Goal: Enrich every Router call with memory context, store interactions after.

Changes:

  • app/core/memory_middleware.py (new file):
    • MemoryMiddleware class with:
      • enrich_context(user_id, message) -> dict (pre-LLM):
        1. Load core memory (user prefs) — always injected
        2. Embed message, search MemoryAssociative via pgvector — top-k relevant
        3. Fetch recent MemoryEpisodic entries — last N sessions
        4. Fetch active MemoryProactive patterns — above confidence threshold
        5. Return merged context dict
      • store_episode(user_id, session_id, message, response) (post-LLM):
        1. Summarize interaction (short LLM call or heuristic)
        2. Encrypt and store in MemoryEpisodic
        3. Embed interaction, encrypt and upsert in MemoryAssociative
      • update_core(user_id, key, value) — explicit preference update
      • All read/write operations encrypt/decrypt using the user's Fernet key from User.encryption_key
  • app/api/routes/device_ws.py — Update home_request and floating_request handlers:
    • Before orchestrator: enriched = await memory.enrich_context(user_id, message)
    • After response complete: await memory.store_episode(user_id, ...)

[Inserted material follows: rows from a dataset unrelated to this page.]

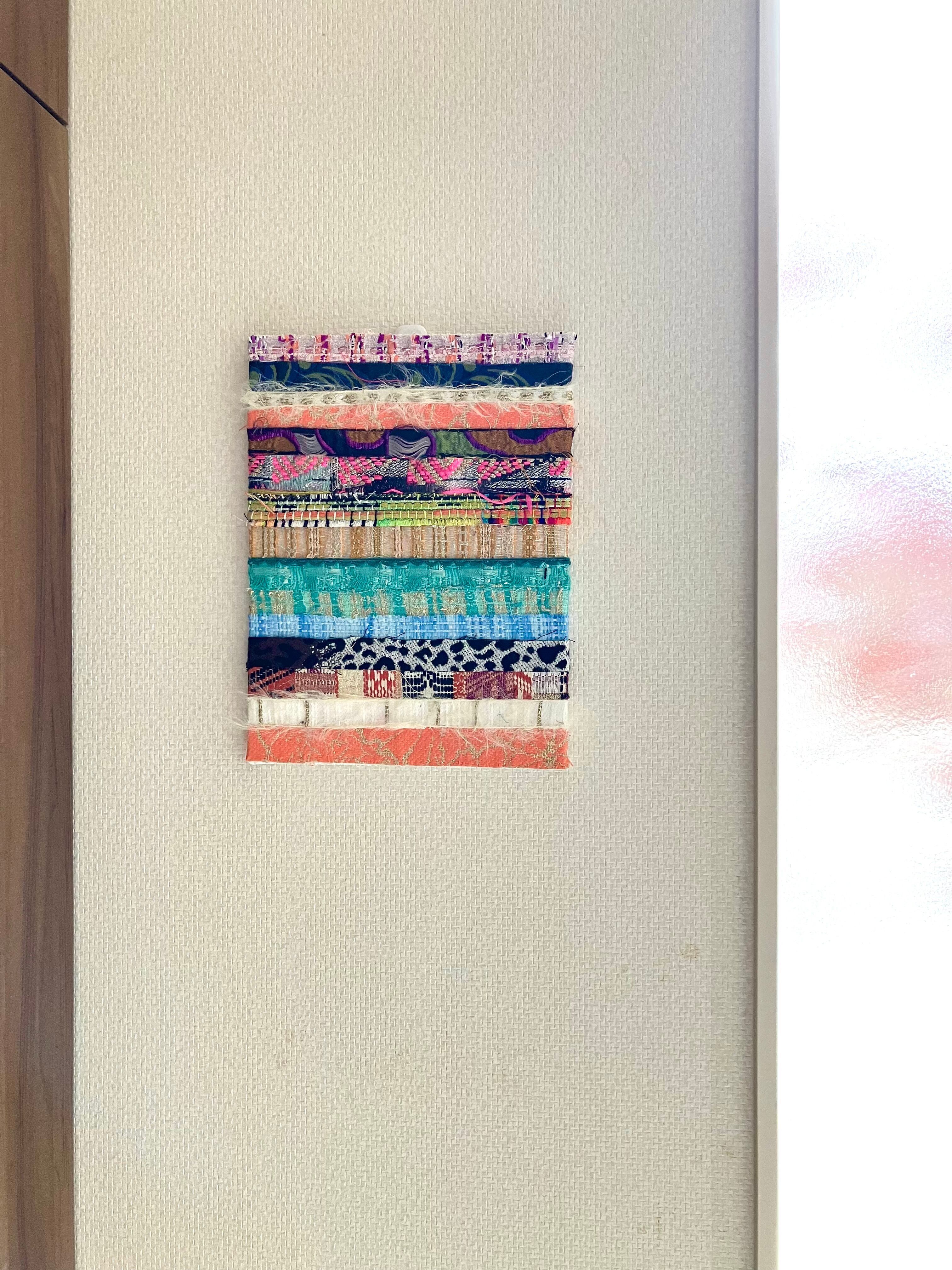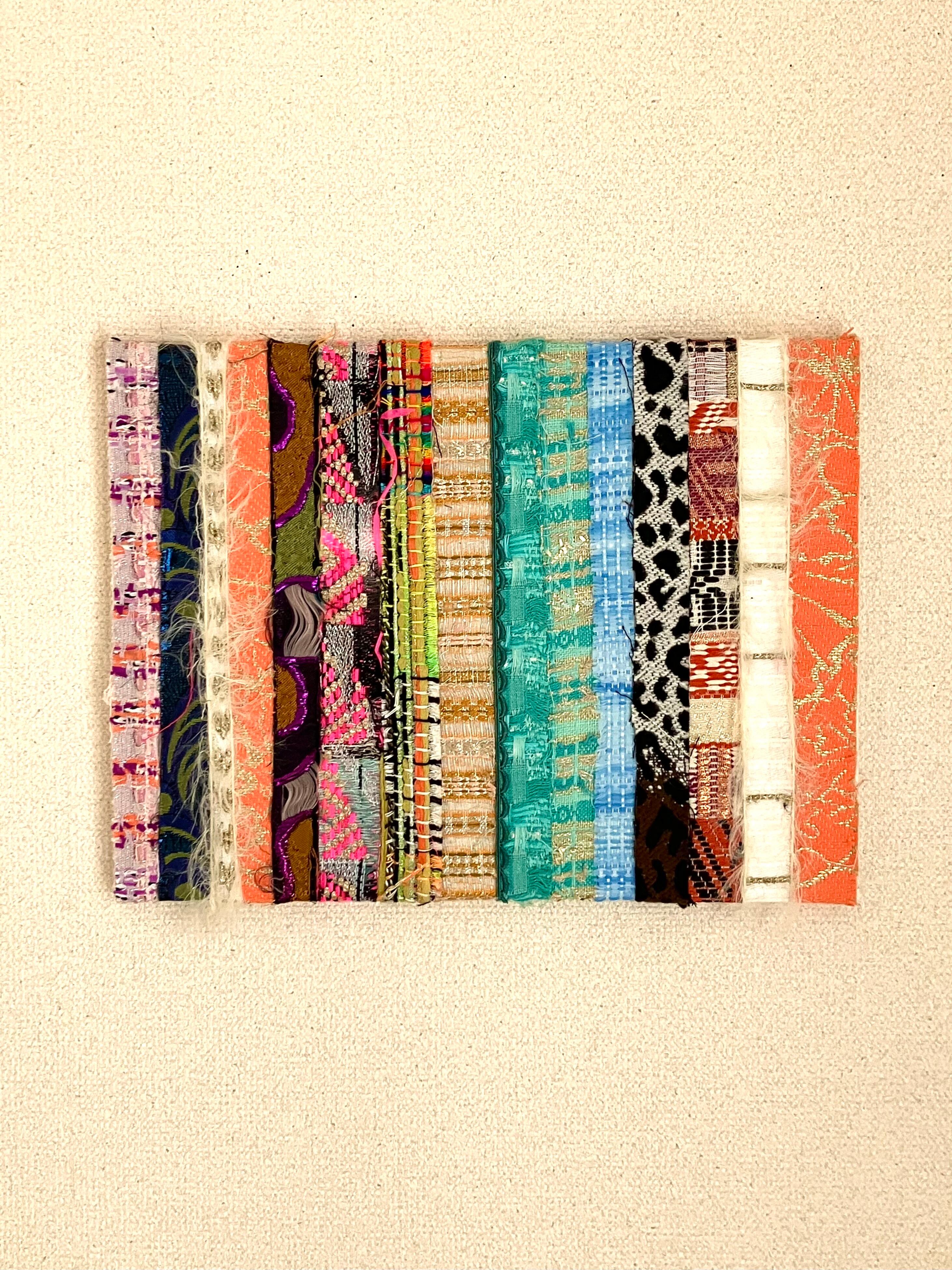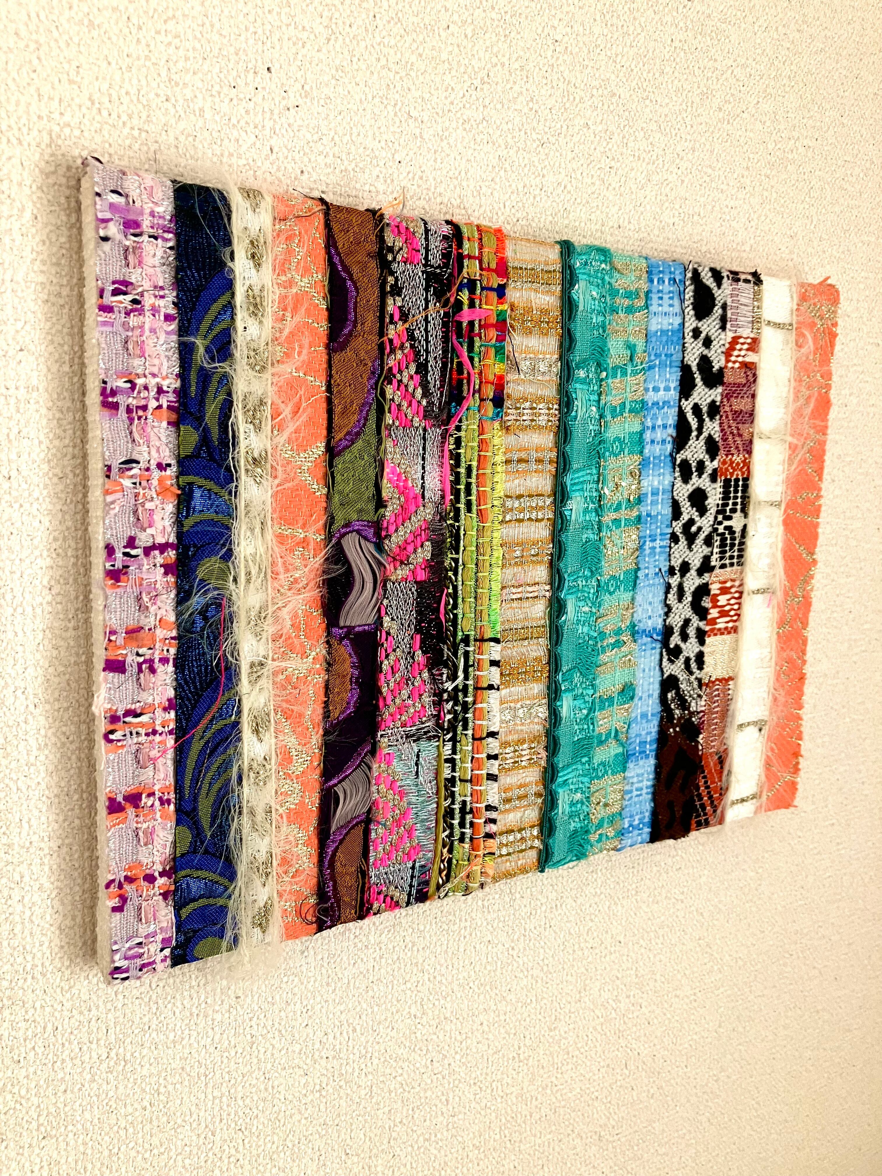 オレンジを基調にした華やかなデザイン、アートパネル Jewel Art Panel / Mix Stripe 002は、水色やピンク、そしてオートクチュールツイードを贅沢に使用した個性的なアイテムです!
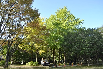 園内では、第1駐車場、市町村の森、お花見広場手前にイチョウがあり、それぞれ黄色に色づき始めました。モミジの色づきは、イチョウより遅く、昨年は11月下旬頃から徐々に赤く色づき始めましたので、もうしばらくお待ちください。
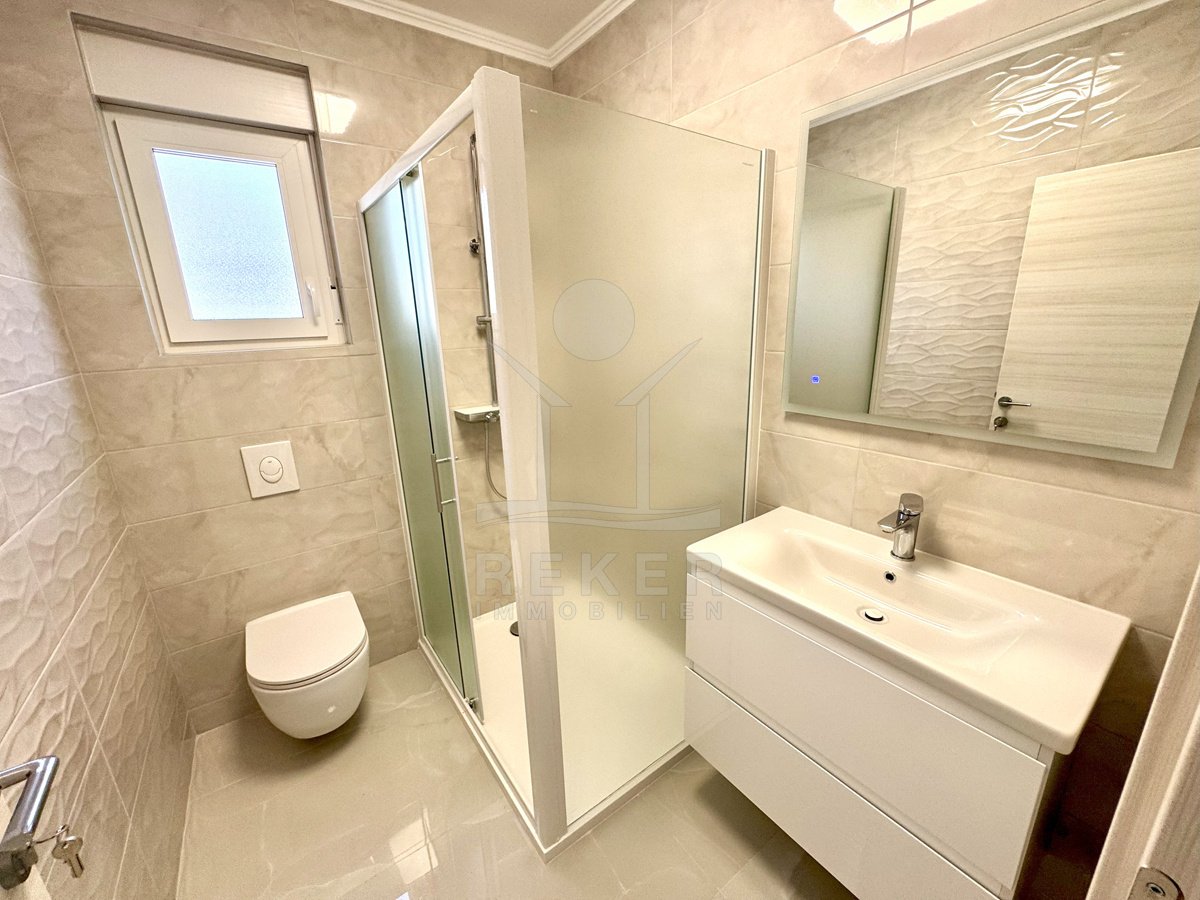 Diese luxuriöse Neubauwohnung im 1. Stock besticht durch einen großzügigen Grundriss mit 4 Zimmern, der Ihnen und Ihrer Familie viel Platz zur Entfaltung bietet. Der weitläufige Balkon mit wunderschönem Meerblick ist der ideale Ort, um den Sonnenuntergang über der Adria zu genießen oder einfach nur die salzige Meeresbrise zu verspüren.
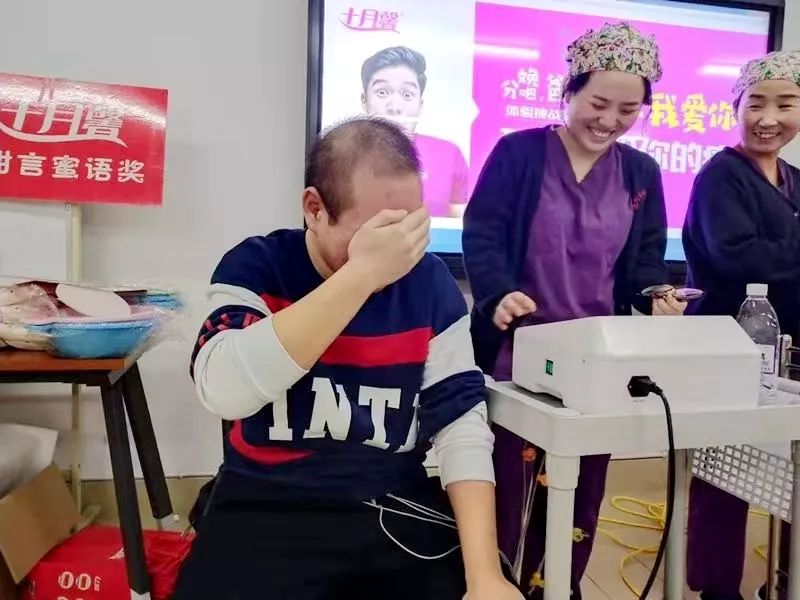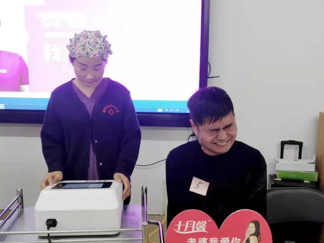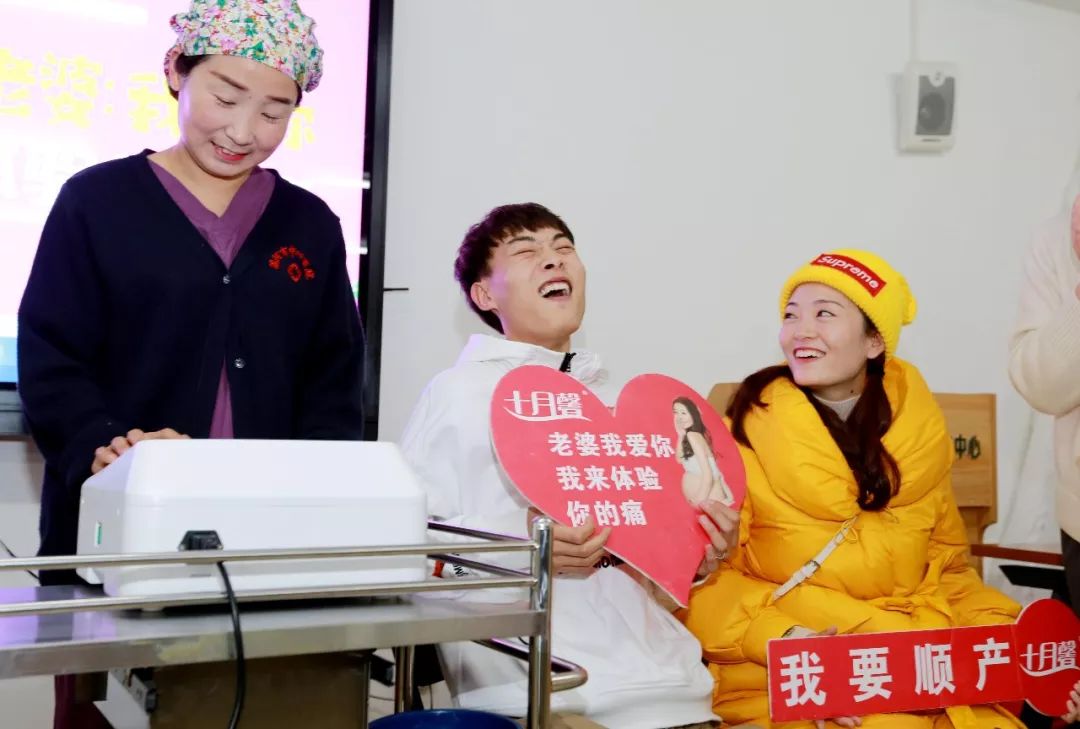 随后,勇敢的准爸爸们在准妈妈们的陪伴下体验了传说中的“十二级宫缩疼痛”,活动场景欢快温馨。有的准爸爸痛的直呼“不生啦”;有的准爸爸则频频向妻子甜蜜告白,深深感知准妈妈的辛苦和不易。通过这样的体验,让准爸爸们在等待宝宝的到来的同时,也增添了对准妈妈们的体贴和理解。

Files touched: app/core/memory_middleware.py (new), app/api/routes/device_ws.py

Test: Unit test with seeded memory rows that verifies:

  1. enrich_context returns core prefs + associative matches + episodic summaries
  2. store_episode creates encrypted rows that can be decrypted with the user's key
  3. End-to-end WS test: send home_request, verify memory enrichment is passed to orchestrator
pytest tests/test_memory_middleware.py

Status:

  • Step 7 complete

Commit: After tests pass, commit with:

git commit -m "step-7: add memory middleware (memory_middleware.py, device_ws.py)"

Summary

Step Component Effort Depends On
1 WS Frame Protocol Low
2 Agent Streaming Medium Step 1
3 Router Refactor Medium Step 2
4 Output Formatter High Steps 1, 3
5 Unified WS Handler High Steps 14
6 Memory Models Medium
7 Memory Middleware High Steps 5, 6

Steps 15 form the streaming pipeline. Steps 67 form the memory system. Step 6 can run in parallel with Steps 24 (no dependencies).